**WHAT THE TASK ASKS:**
Repeat the listing below exactly. Pictures do not belong in the copy.

**SUPPLIED DATA:**

---

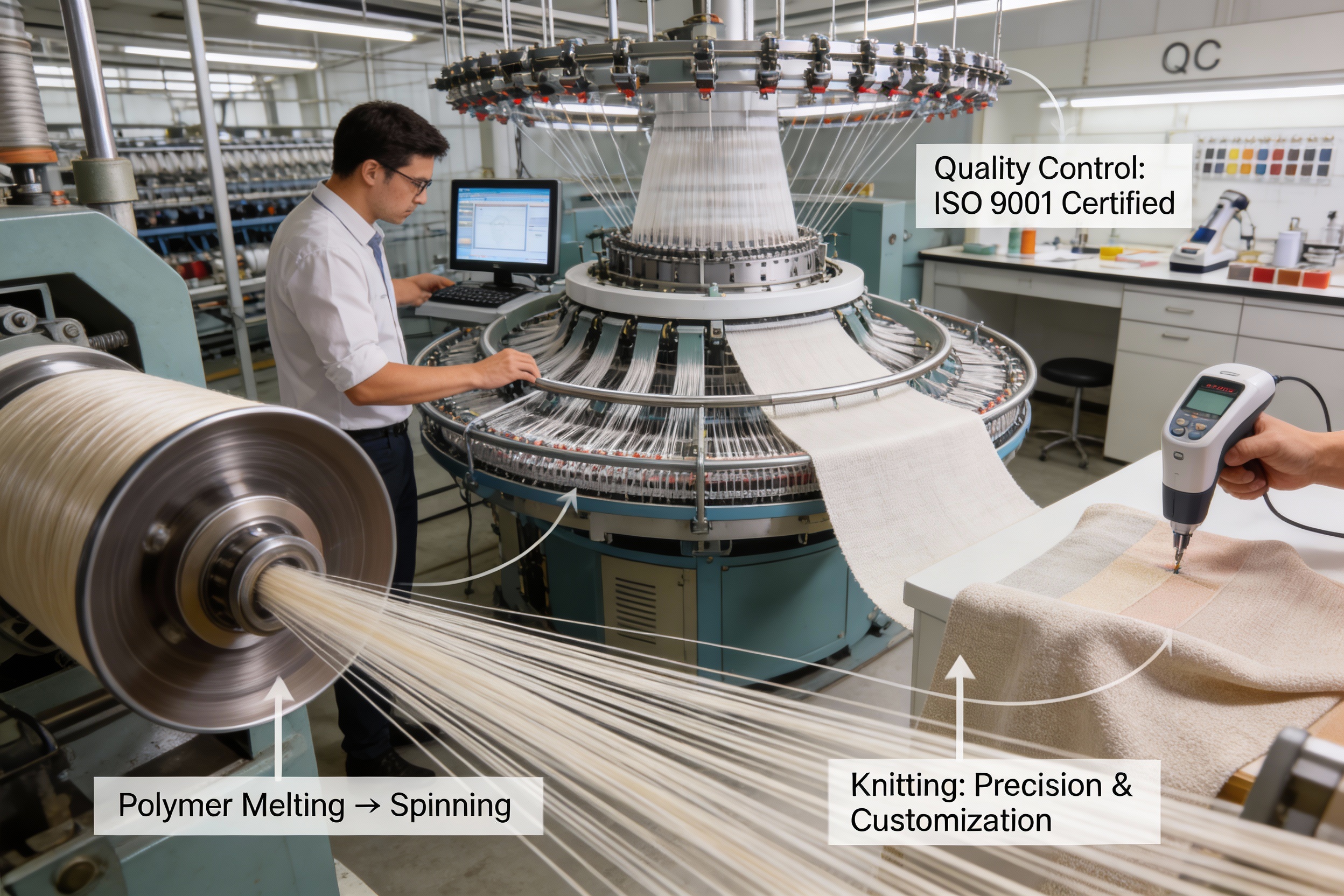 The jacquard knitting process uses digital design software to create intricate patterns. The software sends instructions to the machine, which selects the appropriate yarns to create the desired design. This allows for customization—for example, a customer can request a specific logo or pattern to be knitted into the fabric. The knitting machines are also equipped with sensors to detect defects (like broken yarns) and stop production immediately, ensuring that only high-quality fabric is produced.
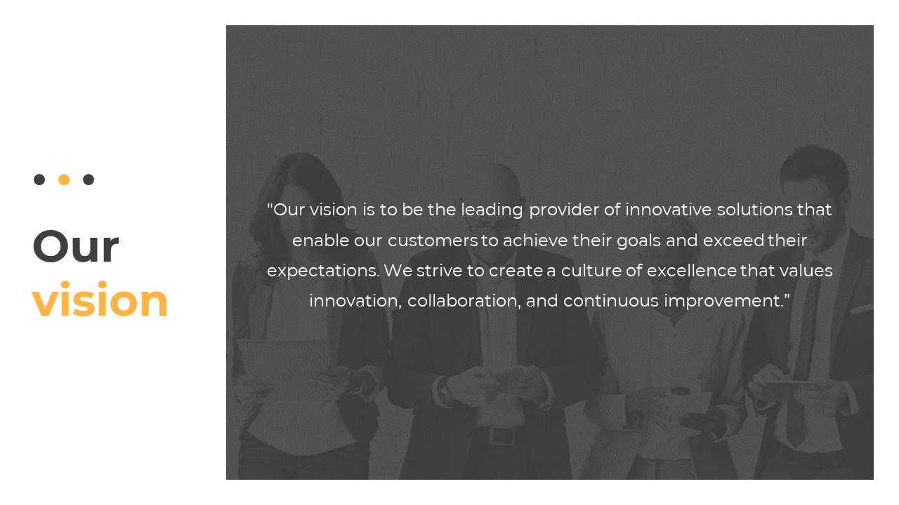 Research has shown that a person’s average attention span is just eight seconds, so it’s important to engage your audience’s attention in the shortest amount of time possible. An engaging about us page with dazzling visuals and succinct messaging can be the difference between a fortunate pitch and a missed opportunity. Give our pre-made slide a try to make such a powerful about us page for your presentations or website. With its elegance and professionalism, this slide will give you the opportunity to showcase your brand’s story, mission, values, vision, and achievements with clarity. Get cracking!
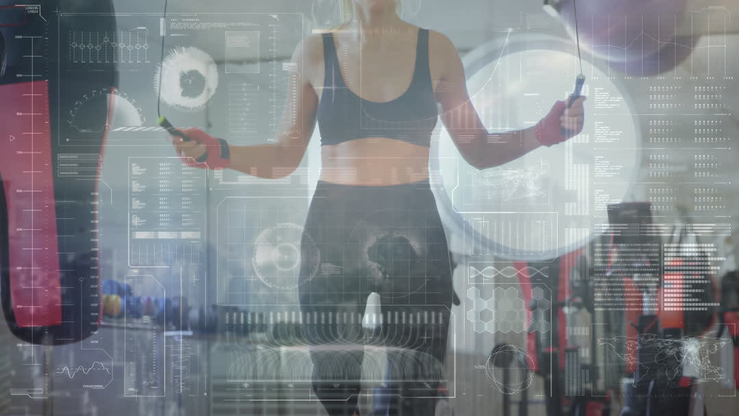 Young female boxer engaging in rope jumping exercises in a modern gym surrounded by holographic digital metrics. Perfect for illustrating themes of fitness technology, athletic training, and modern gym settings. Ideal for use in articles related to sports analytics, workout tech innovations, and promoting high-tech sports facilities.

---

**REPLY:**
 The jacquard knitting process uses digital design software to create intricate patterns. The software sends instructions to the machine, which selects the appropriate yarns to create the desired design. This allows for customization—for example, a customer can request a specific logo or pattern to be knitted into the fabric. The knitting machines are also equipped with sensors to detect defects (like broken yarns) and stop production immediately, ensuring that only high-quality fabric is produced.
 Research has shown that a person’s average attention span is just eight seconds, so it’s important to engage your audience’s attention in the shortest amount of time possible. An engaging about us page with dazzling visuals and succinct messaging can be the difference between a fortunate pitch and a missed opportunity. Give our pre-made slide a try to make such a powerful about us page for your presentations or website. With its elegance and professionalism, this slide will give you the opportunity to showcase your brand’s story, mission, values, vision, and achievements with clarity. Get cracking!
 Young female boxer engaging in rope jumping exercises in a modern gym surrounded by holographic digital metrics. Perfect for illustrating themes of fitness technology, athletic training, and modern gym settings. Ideal for use in articles related to sports analytics, workout tech innovations, and promoting high-tech sports facilities.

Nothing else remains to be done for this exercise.